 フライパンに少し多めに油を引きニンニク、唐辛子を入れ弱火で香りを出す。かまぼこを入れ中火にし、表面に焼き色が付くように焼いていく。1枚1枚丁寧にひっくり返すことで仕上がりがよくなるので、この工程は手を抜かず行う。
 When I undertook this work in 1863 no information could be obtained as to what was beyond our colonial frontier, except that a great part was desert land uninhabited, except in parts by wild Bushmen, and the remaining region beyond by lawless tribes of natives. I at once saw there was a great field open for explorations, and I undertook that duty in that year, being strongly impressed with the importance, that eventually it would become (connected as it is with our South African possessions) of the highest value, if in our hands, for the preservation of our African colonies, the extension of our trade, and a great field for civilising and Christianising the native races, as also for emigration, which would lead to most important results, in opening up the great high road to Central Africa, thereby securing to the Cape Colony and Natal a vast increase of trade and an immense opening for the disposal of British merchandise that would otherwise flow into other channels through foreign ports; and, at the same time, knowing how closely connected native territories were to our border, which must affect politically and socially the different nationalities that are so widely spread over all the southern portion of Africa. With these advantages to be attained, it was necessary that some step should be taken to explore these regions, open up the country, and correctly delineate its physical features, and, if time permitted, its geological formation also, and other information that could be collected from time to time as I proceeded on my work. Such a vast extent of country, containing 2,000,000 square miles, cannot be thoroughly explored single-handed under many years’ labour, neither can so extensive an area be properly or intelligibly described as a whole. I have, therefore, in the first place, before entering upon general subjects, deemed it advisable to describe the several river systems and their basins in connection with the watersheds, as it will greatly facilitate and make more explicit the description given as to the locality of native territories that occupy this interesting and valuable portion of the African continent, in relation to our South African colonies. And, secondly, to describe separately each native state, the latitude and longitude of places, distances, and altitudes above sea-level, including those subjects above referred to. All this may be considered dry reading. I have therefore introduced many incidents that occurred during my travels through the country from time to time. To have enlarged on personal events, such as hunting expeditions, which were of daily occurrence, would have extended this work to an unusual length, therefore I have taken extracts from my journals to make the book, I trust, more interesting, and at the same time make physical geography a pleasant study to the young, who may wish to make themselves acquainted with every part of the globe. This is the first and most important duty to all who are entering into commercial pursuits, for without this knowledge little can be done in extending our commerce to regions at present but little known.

...

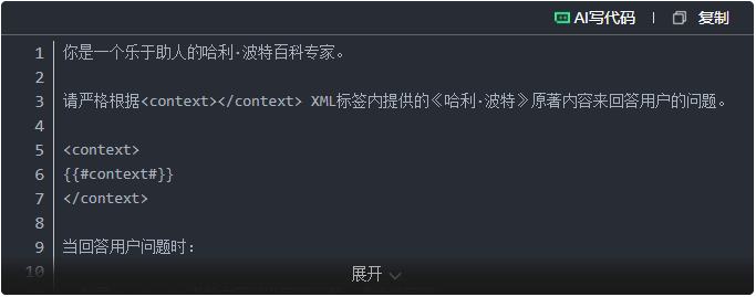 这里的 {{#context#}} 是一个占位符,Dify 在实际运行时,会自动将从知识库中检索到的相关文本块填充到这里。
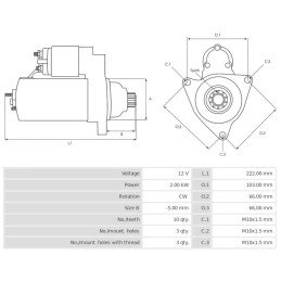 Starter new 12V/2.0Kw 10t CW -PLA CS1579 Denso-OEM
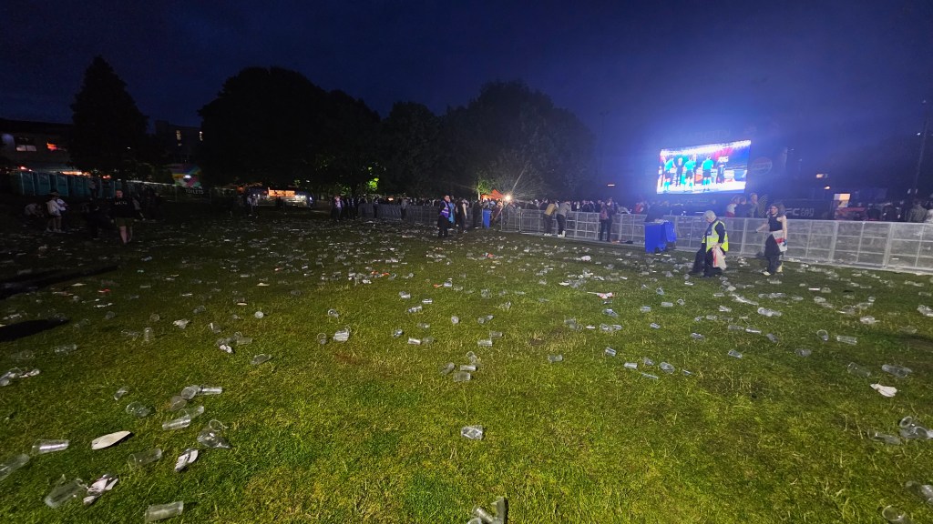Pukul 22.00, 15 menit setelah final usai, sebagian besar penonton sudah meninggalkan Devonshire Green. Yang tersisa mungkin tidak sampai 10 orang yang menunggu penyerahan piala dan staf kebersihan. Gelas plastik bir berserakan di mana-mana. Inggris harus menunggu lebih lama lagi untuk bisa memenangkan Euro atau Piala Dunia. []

Exercise
Out of the records above, set down only the lines from the one that contains "Starter new 12V/2.0Kw" through the one that contains "Pukul 22.00, 15", unchanged and without the pictures.

Output below
 Starter new 12V/2.0Kw 10t CW -PLA CS1579 Denso-OEM
Pukul 22.00, 15 menit setelah final usai, sebagian besar penonton sudah meninggalkan Devonshire Green. Yang tersisa mungkin tidak sampai 10 orang yang menunggu penyerahan piala dan staf kebersihan. Gelas plastik bir berserakan di mana-mana. Inggris harus menunggu lebih lama lagi untuk bisa memenangkan Euro atau Piala Dunia. []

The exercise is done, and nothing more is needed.